Financial intelligence units and regulators are also composed of professionals who need to process information efficiently. If institutions submit大量低质量报告,却无法提供有价值的调查线索,反而可能引发监管对其内部系统的审查。监管会合理怀疑:是你的风控参数设置不当,还是合规人员缺乏基本判断力?
因此,合规报告的核心在于质量而非数量。盲目申报不仅无助于风险防控,还可能暴露自身能力缺陷,招致更严格的监管关注。
Mankiw’s Practical Advice: How to Build an Effective Reporting System?
To balance compliance costs and regulatory safety, crypto compliance teams should focus on these four key points:
Avoid separating on-chain behavior from platform internal transactions due to cost considerations. Such separation prevents models and personnel from grasping the full picture of the user, directly affecting the quality of STR/SAR reports. Data must be integrated to achieve a panoramic risk view.
Rigid rules can generate大量无效预警,导致「预警疲劳」,反而漏掉真正的高风险。建议建立内部沙盒机制,定期结合监管动态和案件反馈,回溯并优化系统参数与规则,确保预警精准、有效。
High-quality reports are not just data accumulation but telling a complete story. They should answer the 5W1H: Who, What, When, Where, Why suspicious, and How. Among these, “Why suspicious” is the core, requiring logical coherence and compliance with regulatory bottom lines and institutional risk appetite, to demonstrate that “reasonable prudence” has been exercised.
“Not reporting” sometimes requires more documentation than reporting. When alerts are manually checked and a decision is made not to report, detailed reasons and relevant evidence must be recorded and preserved. This is crucial for future regulatory audits and protecting the enterprise and compliance personnel.
Through these four points, institutions can build a solid, effective, and self-verifiable compliance reporting system while controlling costs.
Conclusion
Anti-money laundering compliance has no shortcuts, nor does it rely on the false hope of “the law does not blame the many.”

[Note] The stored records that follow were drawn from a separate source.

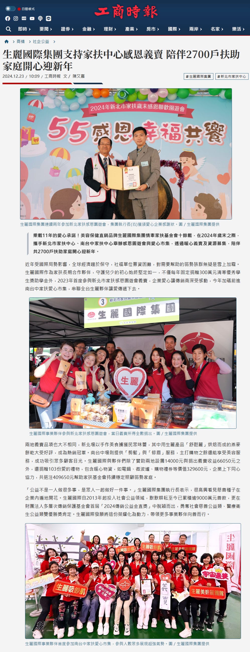 生麗國際集團支持家扶中心感恩義賣 陪伴2700戶扶助家庭開心迎新年
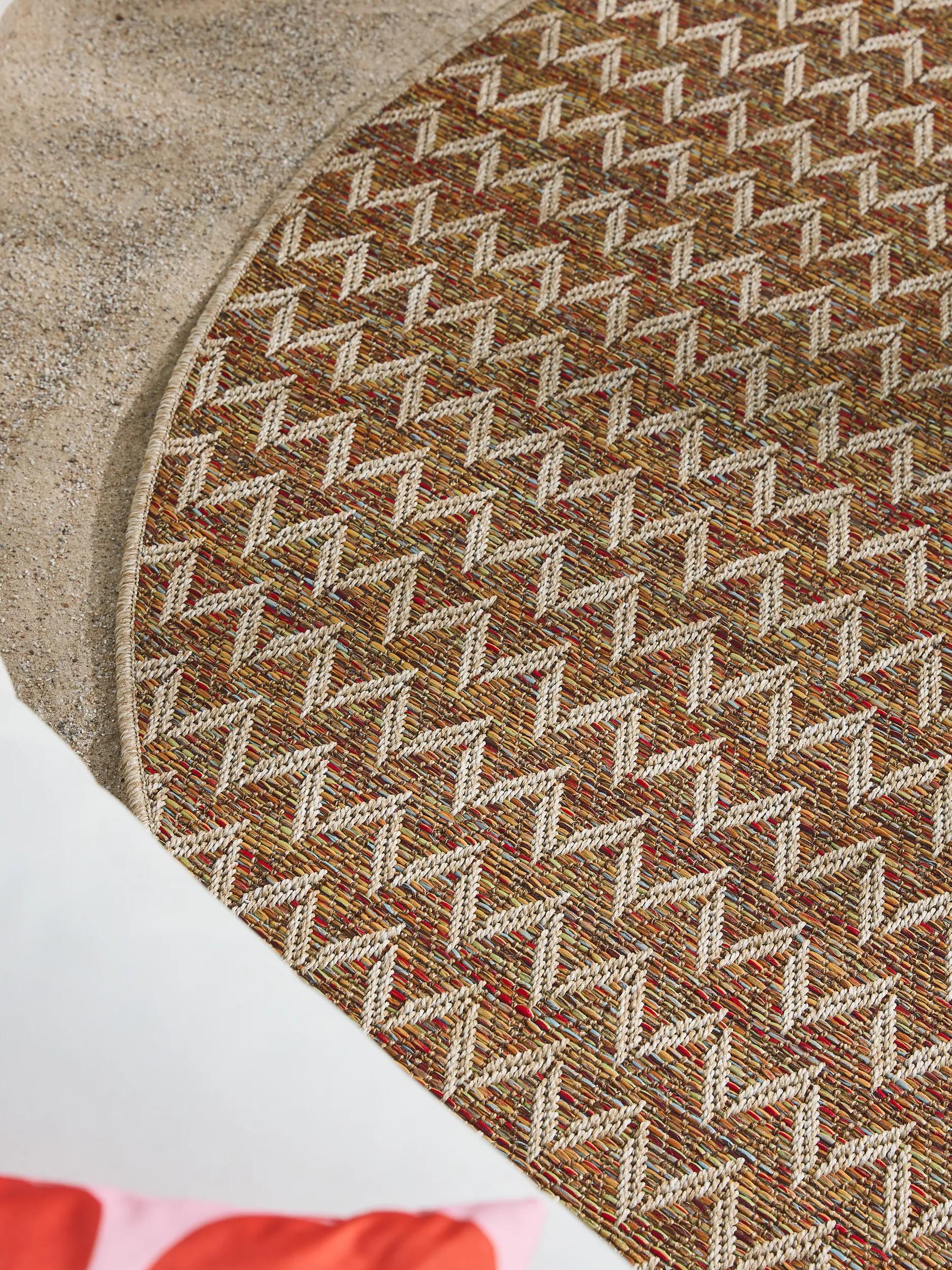Tapis scandinave motif géométrique rond marron d'intérieur et d'extérieur 160 cm de diamètre
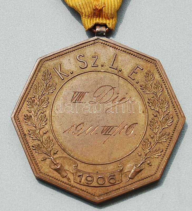 Leírás: 1906. "Kispest-Szentlőrinci Lövészegyesület" Br, szalaggal T:2
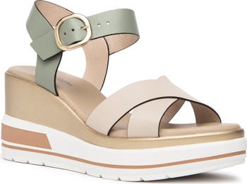A wedge heel and contrasting straps bring sporty, modern style to this standout platform sandal.
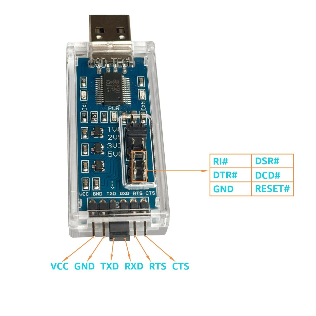 拡張ピン配置を実装:基本ピン(UART TX/RX/RTS/CTS/VCC/GND)に加え、DSR/R1/DCD/DTR/RESETピンにも個別アクセス可能。多様な制御ニーズに対応します。
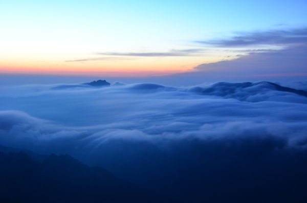 | 未消化に終わったGWを取り戻すべく、祖母山にテント泊するつもりで、すっかり準備もでき今ひとつの天気予報も夕方には回復しそうなので、夕方までに祖母山頂に到着し、夕焼けを堪能し、翌朝は早朝から星空を楽しむぜ〜 と妄想は膨らむばかり。 でしたが、急な所用。 妄想に取り憑かれ諦めの悪い自分は、夕方、用事を終えると同時に、車に飛び乗り尾平登山口に馳せました。20時頃登山口に着くと、駐車場ではテントを張り盛り上がっている方々もいます。それを横目に車中泊。やはり、ご来光は見たいので1時には出立の予定、ということは0時には起床、0時半過ぎに出立。 前回同様、宮原ルートを経由です。ペース配分が悪いのか、宮原分岐ですでにバテバテ。座り込んで、しばらく茫然自失状態で木々の影を落とす月光に照らされる足元を見つめていました。ここからは、少しペースを落とし、昨日の雨で滑りやすくなった登山道を登っていきます。 テン場には1張りのテント。家主は後ほど、夜明け前に山頂に来られ、一緒にご来光を頂きました。 3時半に山頂に到着。山々と東西にたなびくガスが月光に照らされ、期待出来そうな空模様です。ただ、星空を撮影するには、少々月光が眩しい・・・その後は、次第に夜の戸張が開け、馬蹄形を埋め尽くすガスは本谷から障子尾根方面に流れ、結局、3時間ほど祖母していました。 ガスも消えたので、どこまで行こうか思案しながら、ぼちぼち残ったアケボノツツジを見物しながら、縦走路へ。アケボノツツジは1,600m以下ではほとんど終了、その上も昨日の雨などで散り、日当たり、風当たりなどが良かった場所で、残っている程度で、それも近くで見ると、もう一雨でほとんど終わりそうです。 九合目小屋の小屋番さんが言っていたように、花芽も少ないようで、ボリューム感にも欠けます。 結局、先日、アケボノハンターさんから、古祖母は終わってますよ〜 とメールを頂いたので、障子岳までとし、折り返して天狗に立ち寄って、下りでは長く使用していなかった黒金尾根を利用しました。 印象に残った方々。 障子岳では都城から来られたご夫婦と少し話をした後、結局、天狗岩まで一緒でした。天狗は、厳しいかな〜、と思いきや、あちこち登られている健脚のようで、天狗のさきっぽまでヒョイヒョイと来ました。ここで、祖母山周辺の山や大分の国東の山の話など・・・最後に記念写真を撮ってあげ、先に、下った自分が黒金尾根に下っていく際は、上から見送ってくれました。 黒金尾根で1,200m付近を過ぎたところ、10時30頃、1名で登ってくる女性がいました。彼女曰く、標高差はあと500mほどなんで大したこと無いでしょ、みたいな・・・いえいえ、今から大変なんですから、と伝えましたが、今ひとつ信じてもらえていない反応でした。 宮原ルートへ向かう吊り橋付近で、2名の女性がチョー軽装で、新手のトレラン族か? でも、ザックも持っていません・・・? 聞くと、明日登るので偵察に来たそうです。初めてなので登山口やルートの確認に来たとのこと。失礼しました。丁重にルート状況や所要時間を説明し、納得していただきました。 と、天気に恵まれた今日の尾平は20台近くの車が停まっていました。 |

From global regulatory practices, inspections of the crypto sector have deepened to require institutions to provide full transaction data and conduct penetrating analysis through self-developed models. The focus on STR/SAR is no longer on report quantity or timeliness but on whether each specific transaction “should be reported” and “why not.”
Understanding the difference between STR and SAR is just the starting point. The real key is to establish a monitoring and reporting system that can meet regulatory intelligence needs and support smooth business operations—this has become an essential course for every institution.